Na década de 1980, uma das características do chamado momento pós-moderno era a reciclagem do romance histórico por via da metanarrativa anacrônica em que releituras do passado – como em Viva o povo brasileiro, de João Ubaldo Ribeiro, Boca do inferno, de Ana Miranda, e Agosto, de Rubem Fonseca – revisaram o passado histórico na perspectiva da atualidade brasileira. 

Essa permissividade pós-moderna na reciclagem das grandes narrativas do passado liberou a vontade fabulatória das ciladas herméticas do modernismo e a valorização da boa história se manteve entre os contemporâneos. Formatos tradicionais do grande romance moderno – romance regional, romance de formação, romance de memória, romance de viagem etc. – reapareceram no novo milênio com um novo vigor entre escritores como Luiz Ruffato, Silviano Santiago, Chico Buarque de Holanda e Marçal Aquino, e os laços com o realismo histórico se reconfirmaram, atualizados ou não pela vontade de criar efeitos e afetos reais por meio da experiência da criação literária além do mero compromisso representativo.

Diante do tsunami diário de realismo que ameaça afogar o leitor, que tipo de realidade a literatura pode oferecer?

Alguns autores tiveram mais sucesso do que outros; em todo caso, a retomada das experiências realistas coloca um desafio fundamental para os escritores: evidenciar a potência ficcional da literatura numa realidade cultural siderada pela produção midiática de realidade, levando em conta que a ansiedade pelo resgate documental ocupa uma grande parte do mercado inundado de memórias, biografias, livros populares de história, testemunhos, depoimentos, entrevistas, reportagens, confissões, relatos jornalísticos e outras variações de não ficção. Diante do tsunami diário de realismo que ameaça afogar o leitor, que tipo de realidade a literatura pode oferecer?

Em Habitante irreal, Paulo Scott encara bravamente a tarefa de narrar fatos que marcaram a geração do final do século 20, através do personagem Paulo, que, aos 21 anos, militante no movimento estudantil, estagiário de advocacia e estrela ascendente no Partido dos Trabalhadores a um passo de se estabelecer no poder, resolve dar um tempo e rever suas prioridades. Encontra uma menina índia guarani de apenas 14 anos na beira da BR116 e vive uma estranha e inexplicável atração pela garota, com quem inicia uma relação impossível que termina numa desastrosa confusão com a polícia e o obriga a viajar para Londres, abandonando a menina grávida a seu destino deplorável. 

habitante irrealCom mão firme de artesão, Scott narra a história num ritmo épico de complexidade narrativa crescente e com a clara ambição de conciliar os dados circunstanciais da história recente à luz dos mitos (Iracema) nacionais, evocando uma discreta esperança de um Brasil contemporâneo em paz com seus demônios do passado.

Há, evidentemente, ambições de teor literário e ético movendo o romance, o problema é que a compreensão da história do Brasil presente não parece suficientemente alavancada pela narrativa, os personagens dependem de um narrador onisciente que sempre emerge para explicar aos leitores o que os personagens realmente pensam e sentem.

Na sua teoria do romance, Milan Kundera insiste que jamais o narrador (e muito menos o autor) deve ser mais inteligente que seu personagem.
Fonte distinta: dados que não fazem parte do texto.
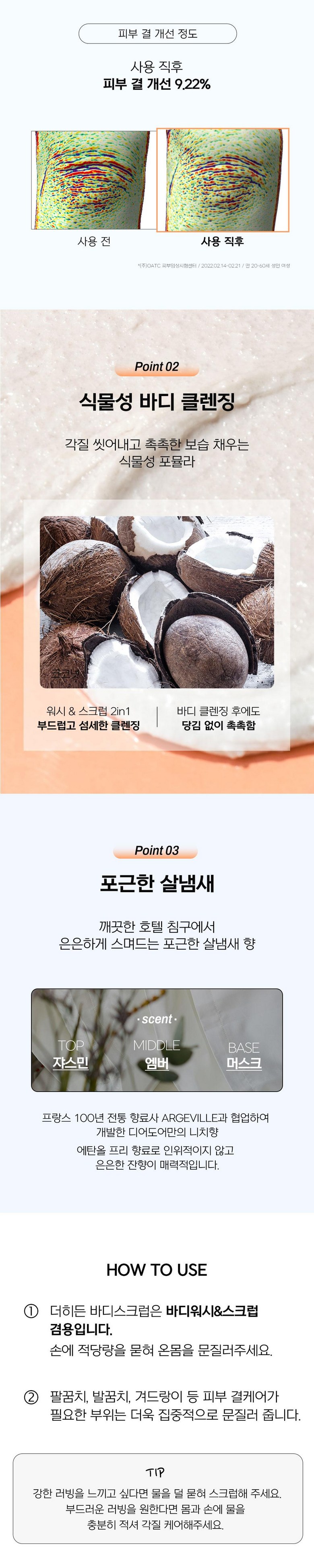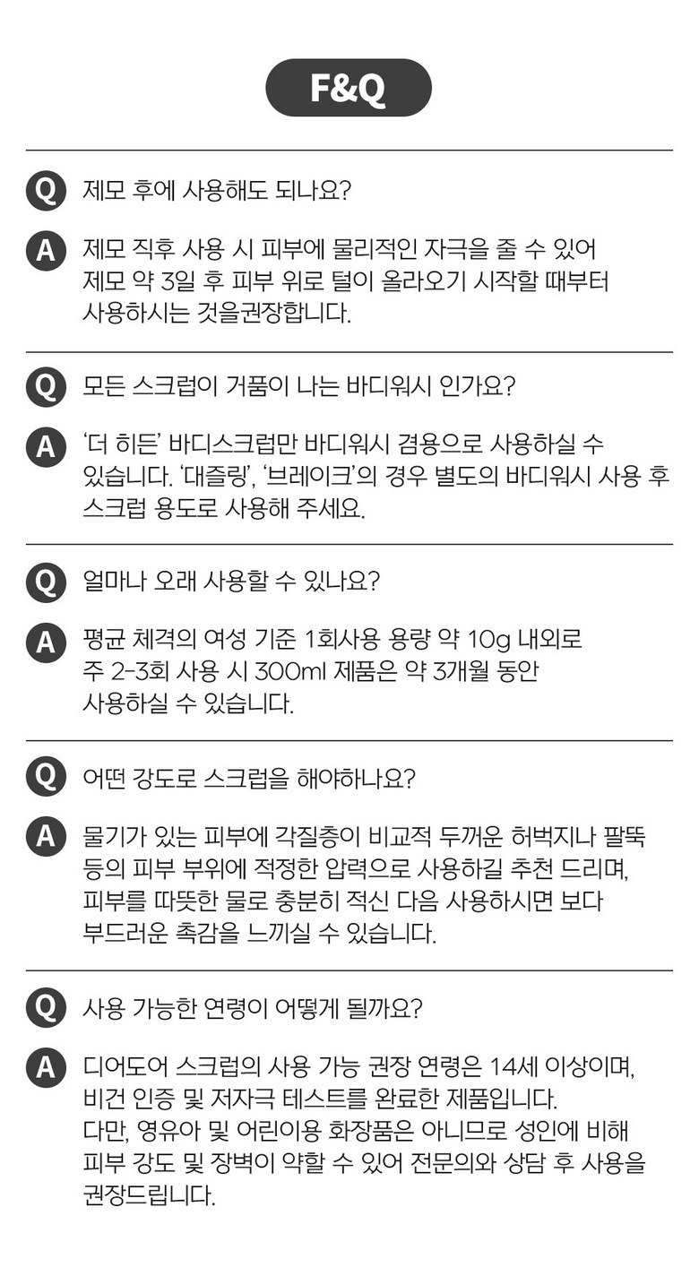 | 사용기한 또는 개봉 후 사용기간 | 제조일로부터 36개월, 개봉 후 12개월 이내 사용 | 사용방법 | 동봉된 스패출러를 이용해 스크럽을 손에 덜어 물기가 있는 피부에 마사지하듯 부드럽게 문지르고 물로 헹구어 냅니다. |

Para ganhar vida própria, a narrativa deve ser guiada pela lógica intrínseca das ações e não pelas intenções didáticas ou moralizantes do criador. O narrador deve abrir mão desse papel para que a ficção ofereça uma compreensão do material narrado que escapa até mesmo ao autor. Eis o que distingue a ficção literária da ‘ficção generalizada’ predominante em todas as áreas do consumo de histórias – na mídia, nas telenovelas, no cinema comercial.

Como se sabe, o dispositivo ficcional tem sua presença reconhecida também em discursos científicos

A compreensão da história, mesmo em seus formatos tradicionais, depende sempre de recursos narrativos e, como se sabe, o dispositivo ficcional tem sua presença reconhecida também em discursos científicos. Mas se a ficção e a narrativa existem tanto na história científica quanto no romance, devemos exigir que a literatura mostre o que ela e somente ela pode fazer, o que nenhuma outra mídia, nenhum outro discurso, consegue. Criar uma constelação complexa de eventos, causalidade, coincidências e fatores outros, concretos ou imaginários, como, por exemplo, a relação imbricada entre música, religiosidade e crime no romance de Lins. Ou o elo entre democracia e decepção no Brasil na geopolítica pós-muro de Berlim, no caso de Scott. 
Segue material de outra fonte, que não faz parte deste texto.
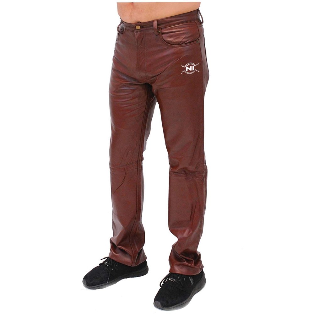 Our softest leather pants available in a rich chocolate brown leather. A premium quality 5 pocket jean style with YKK zipper and a soft nylon lining. Limited sizes. (d)

Até aí a composição narrativa resolve. Entretanto, não basta interpretar e analisar a história em seus meandros mais sinuosos e causas às vezes só perceptíveis para o olhar da imaginação. O romance precisa dar realidade a essa história ao possibilitar que nos toque em seu sentido imanente e nos envolva afetivamente. Quando o escritor contemporâneo se aproxima da história, reformulando o compromisso com o mundo real, sua matéria-prima é a imaginação mais ou menos historicizada e suas ferramentas narrativas e ficcionais não diferem das do historiador ou do jornalista. A realidade do texto não depende da credibilidade das referências nem da fidelidade representativa. Ela surge na voz que nos toca sem mediação e sem justificativa, emerge da vida própria dos personagens e da necessidade ética e política de escutar e ser movido pelos eventos colocados em cena.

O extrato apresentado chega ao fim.